TASK STATEMENT >>
Only the text of the records below belongs in the answer, copied exactly, with pictures omitted.

MATERIALS PROVIDED >>

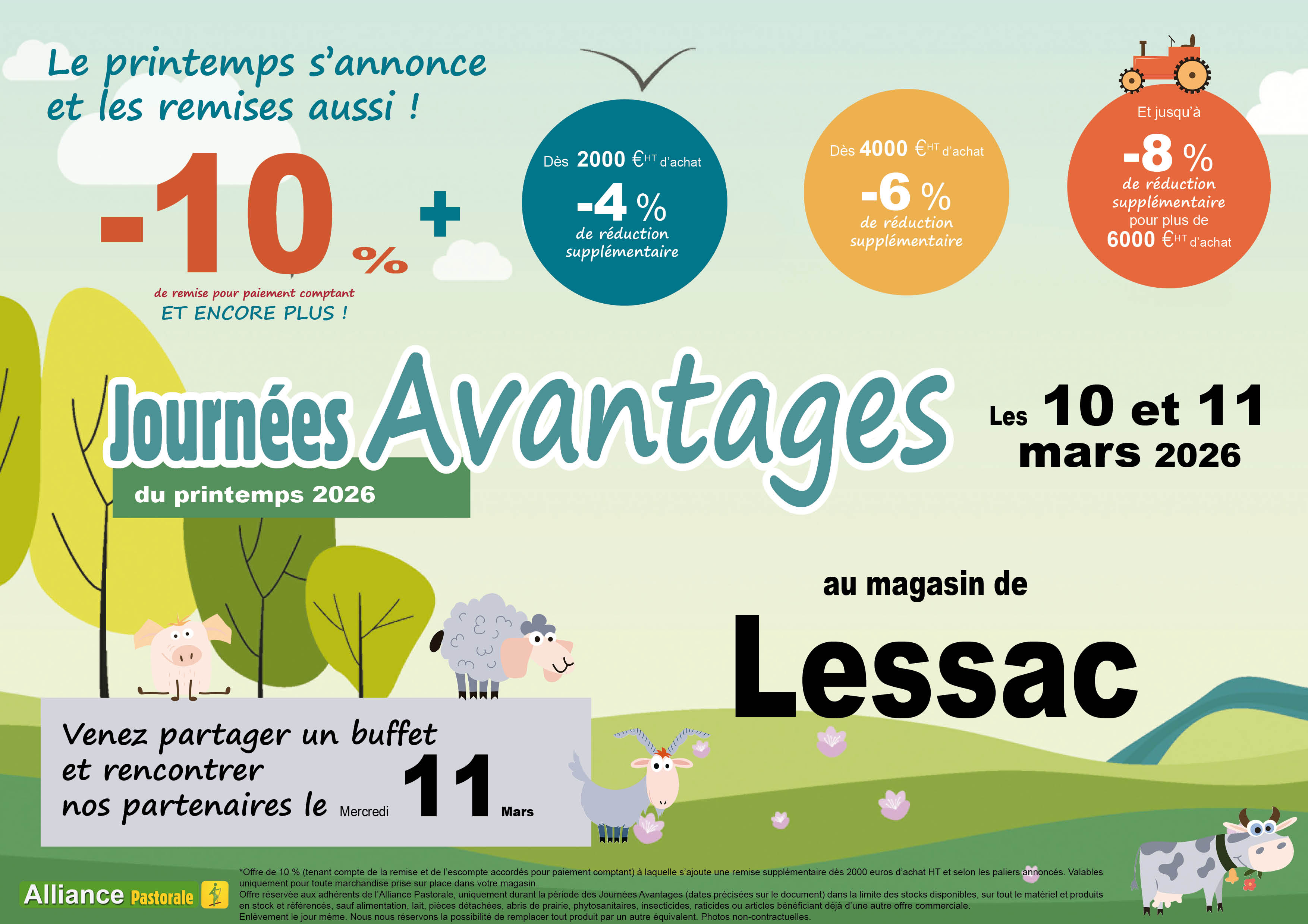 Le magasin Alliance de Lessac en Charente est en Journées Avantages les 10 et 11 mars. Venez profiter des remises exceptionnelles sur de nombreuses gammes....
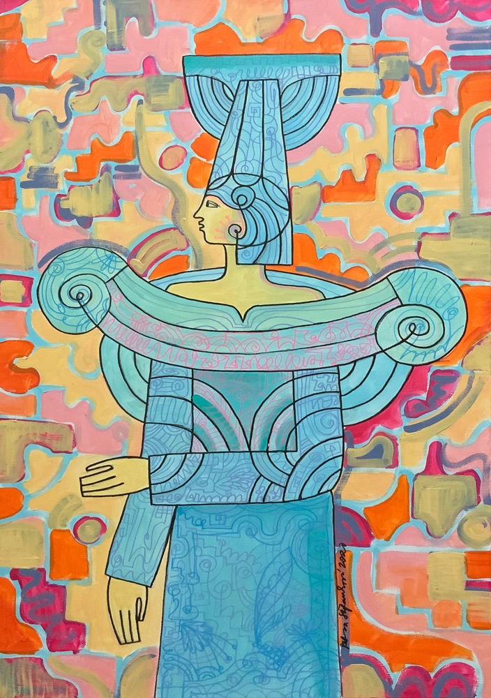 PŠ: Centrom mojej pozornosti je vždy človek v rôznych životných situáciách a abstraktných prostrediach. Najčastejšie pracujem so symbolom ženskej figúry či s portrétom. Zaujíma ma vplyv grafického dizajnu, komiksu, pop kultúry a súčasnej módy v maľbe. Keďže často používam ako autorský rukopis aj abstraktný kaligrafický ornament čiernou linkou akrylovým markerom, tento proces je niekde na hranici kreslenia a písania. Namiesto typografie a písma si však kreslím alebo „píšem“ tváričky postavičiek a rôzne štruktúry. Tejto téme abstraktnej kaligrafie som venovala aj celý zápisník alebo denník. Sú v ňom záznamy denných zážitkov a emócií, ale text v ňom žiaden nenájdete. Slovo v tomto prípade pre mňa vôbec nie je dôležité a aj napriek tomu má štruktúra v obraze výpovednú hodnotu.
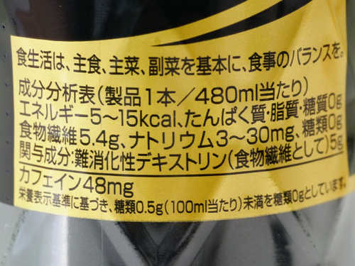 難消化性麥芽糊精(食物纖維),食用色素(焦糖),香料,檸檬酸,甜味劑(阿斯巴甜,醋磺內酯鉀,蔗糖素),葡萄糖酸鈣,咖啡因
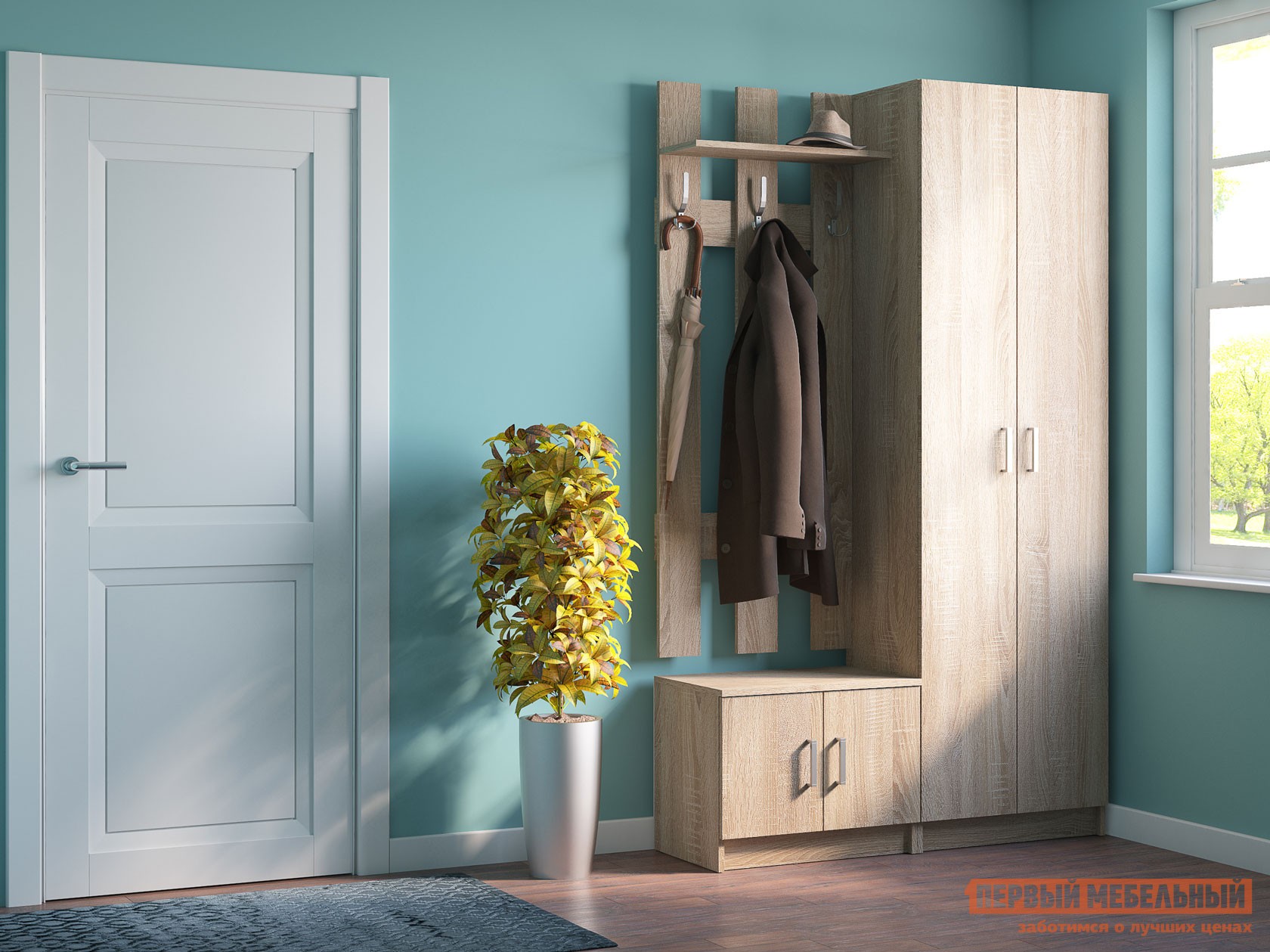 Шкаф имеет ширину 600 мм, внутри есть штанга для вешалок. Ширина тумбы и открытой вешалки составляет — 582 мм. У тумбы за дверцами — вместительное отделение для обуви.
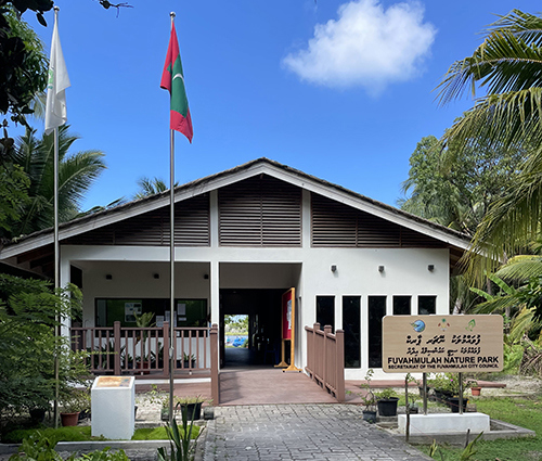 Images 8 and 9. The visit to Fuvahmulah island: headquarters of Fuvahmulah Nature Park; a group meeting to conduct a PAME assessment (photographs © OCPP).
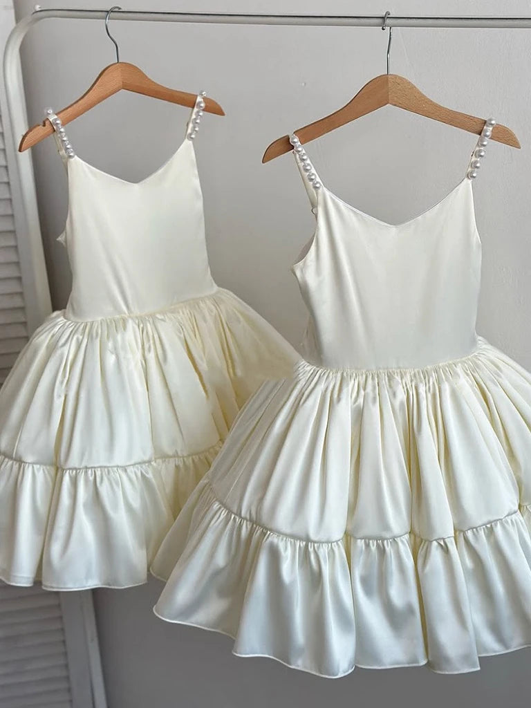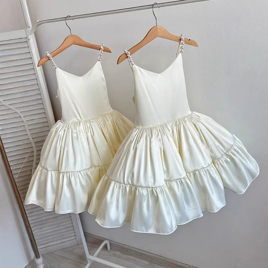 MQTIME - Baby Girl Princess Pearl Strap Dress Back Tie Toddler Child Vintage Bow Vestido Wedding Party Dance Birthday Baby Clothes 2-10Y
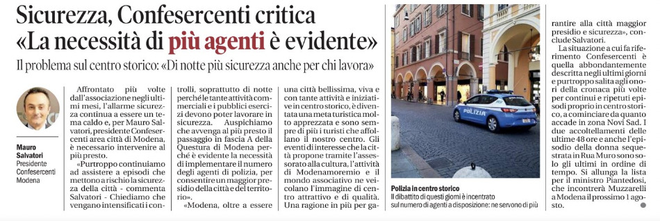 Modena, 24 luglio 2023Rassegna stampaCONFESERCENTI MODENASicurezza, Confesercenti critica. “La necessità di più agenti è evidente”24/07/2023 – Resto del Carlino
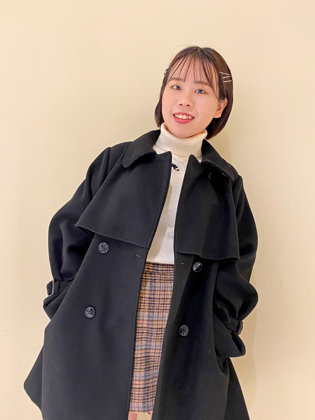 端正な印象のコートはシンプルに着てもおしゃれ見え確実。襟を立てればスタンドカラーにもでき、マフラーなしでも暖かいです。ミニ丈が苦手な方や大人っぽいコーデが好きな方はウエストを絞ってロングスカートやロングワンピと合わせるとGOOD。
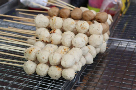 Cooking Barbecue Meatball Satay in grilling stove. This is Indonesian Traditional Street Food made from meatball.
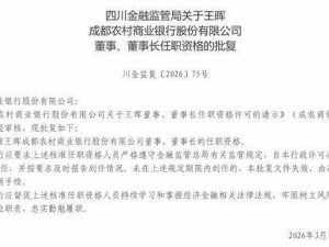 四川金融监管局核准王晖任成都农商银行董事长 任职资格获批
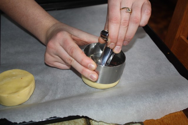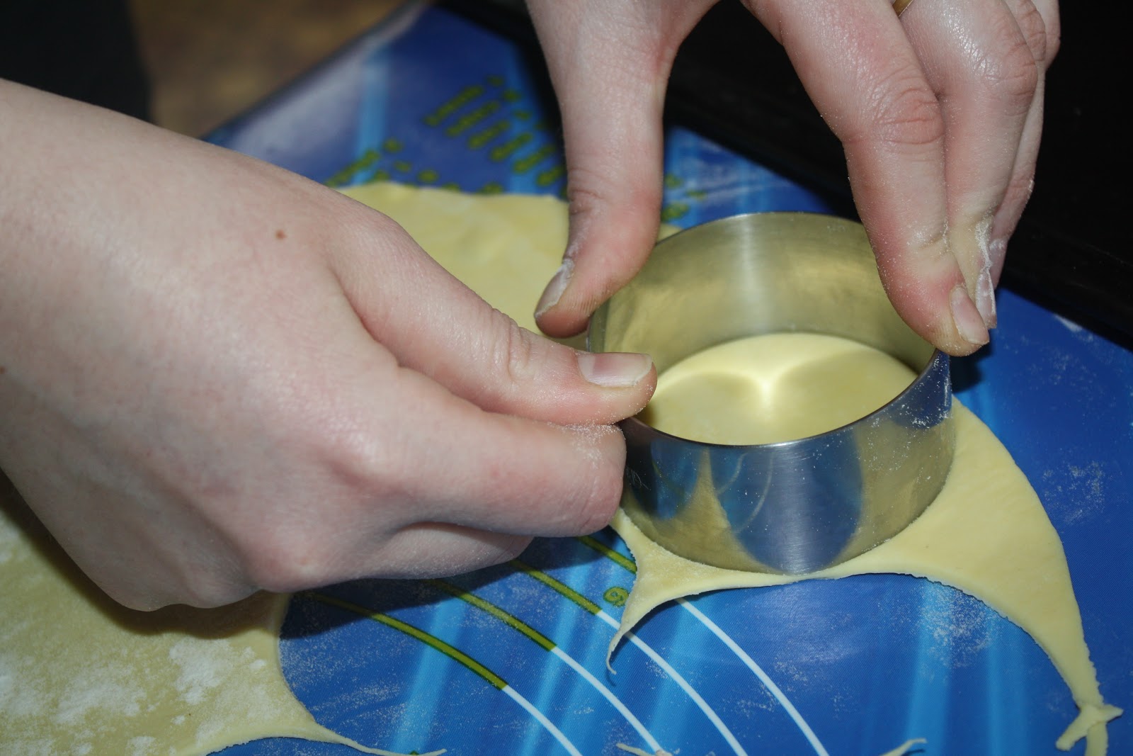 Avec un grand emporte pièce nous découpons des grands ronds, puis des petits.
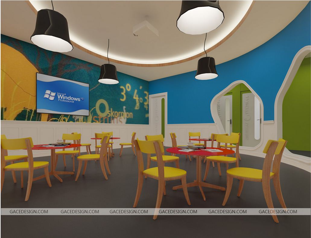 運動休閑場所,不同規模的幼兒園有不一樣的設計布局,有室內室外之分,小型幼兒園多在室內,幼兒園墻面的裝飾裝潢,日趨多樣化,目前常用的是貼瓷磚,刷涂料,制作墻面壁畫,利用手工制作或工藝品進行貼掛。有越來越多的幼兒園采用卡通壁畫來裝飾兒童教育空間設計墻面,幼兒園墻面裝飾裝潢逐漸成為幼兒園室內外環境裝飾布置主要的一個組成部分,利用這一點可以很好地創建與教育相適應的環境。

ANSWER TO THIS EXERCISE >>
 Le magasin Alliance de Lessac en Charente est en Journées Avantages les 10 et 11 mars. Venez profiter des remises exceptionnelles sur de nombreuses gammes....
 PŠ: Centrom mojej pozornosti je vždy človek v rôznych životných situáciách a abstraktných prostrediach. Najčastejšie pracujem so symbolom ženskej figúry či s portrétom. Zaujíma ma vplyv grafického dizajnu, komiksu, pop kultúry a súčasnej módy v maľbe. Keďže často používam ako autorský rukopis aj abstraktný kaligrafický ornament čiernou linkou akrylovým markerom, tento proces je niekde na hranici kreslenia a písania. Namiesto typografie a písma si však kreslím alebo „píšem“ tváričky postavičiek a rôzne štruktúry. Tejto téme abstraktnej kaligrafie som venovala aj celý zápisník alebo denník. Sú v ňom záznamy denných zážitkov a emócií, ale text v ňom žiaden nenájdete. Slovo v tomto prípade pre mňa vôbec nie je dôležité a aj napriek tomu má štruktúra v obraze výpovednú hodnotu.
 難消化性麥芽糊精(食物纖維),食用色素(焦糖),香料,檸檬酸,甜味劑(阿斯巴甜,醋磺內酯鉀,蔗糖素),葡萄糖酸鈣,咖啡因
 Шкаф имеет ширину 600 мм, внутри есть штанга для вешалок. Ширина тумбы и открытой вешалки составляет — 582 мм. У тумбы за дверцами — вместительное отделение для обуви.
 Images 8 and 9. The visit to Fuvahmulah island: headquarters of Fuvahmulah Nature Park; a group meeting to conduct a PAME assessment (photographs © OCPP).
 MQTIME - Baby Girl Princess Pearl Strap Dress Back Tie Toddler Child Vintage Bow Vestido Wedding Party Dance Birthday Baby Clothes 2-10Y
 Modena, 24 luglio 2023Rassegna stampaCONFESERCENTI MODENASicurezza, Confesercenti critica. “La necessità di più agenti è evidente”24/07/2023 – Resto del Carlino
 端正な印象のコートはシンプルに着てもおしゃれ見え確実。襟を立てればスタンドカラーにもでき、マフラーなしでも暖かいです。ミニ丈が苦手な方や大人っぽいコーデが好きな方はウエストを絞ってロングスカートやロングワンピと合わせるとGOOD。
 Cooking Barbecue Meatball Satay in grilling stove. This is Indonesian Traditional Street Food made from meatball.
 四川金融监管局核准王晖任成都农商银行董事长 任职资格获批
 Avec un grand emporte pièce nous découpons des grands ronds, puis des petits.
 運動休閑場所,不同規模的幼兒園有不一樣的設計布局,有室內室外之分,小型幼兒園多在室內,幼兒園墻面的裝飾裝潢,日趨多樣化,目前常用的是貼瓷磚,刷涂料,制作墻面壁畫,利用手工制作或工藝品進行貼掛。有越來越多的幼兒園采用卡通壁畫來裝飾兒童教育空間設計墻面,幼兒園墻面裝飾裝潢逐漸成為幼兒園室內外環境裝飾布置主要的一個組成部分,利用這一點可以很好地創建與教育相適應的環境。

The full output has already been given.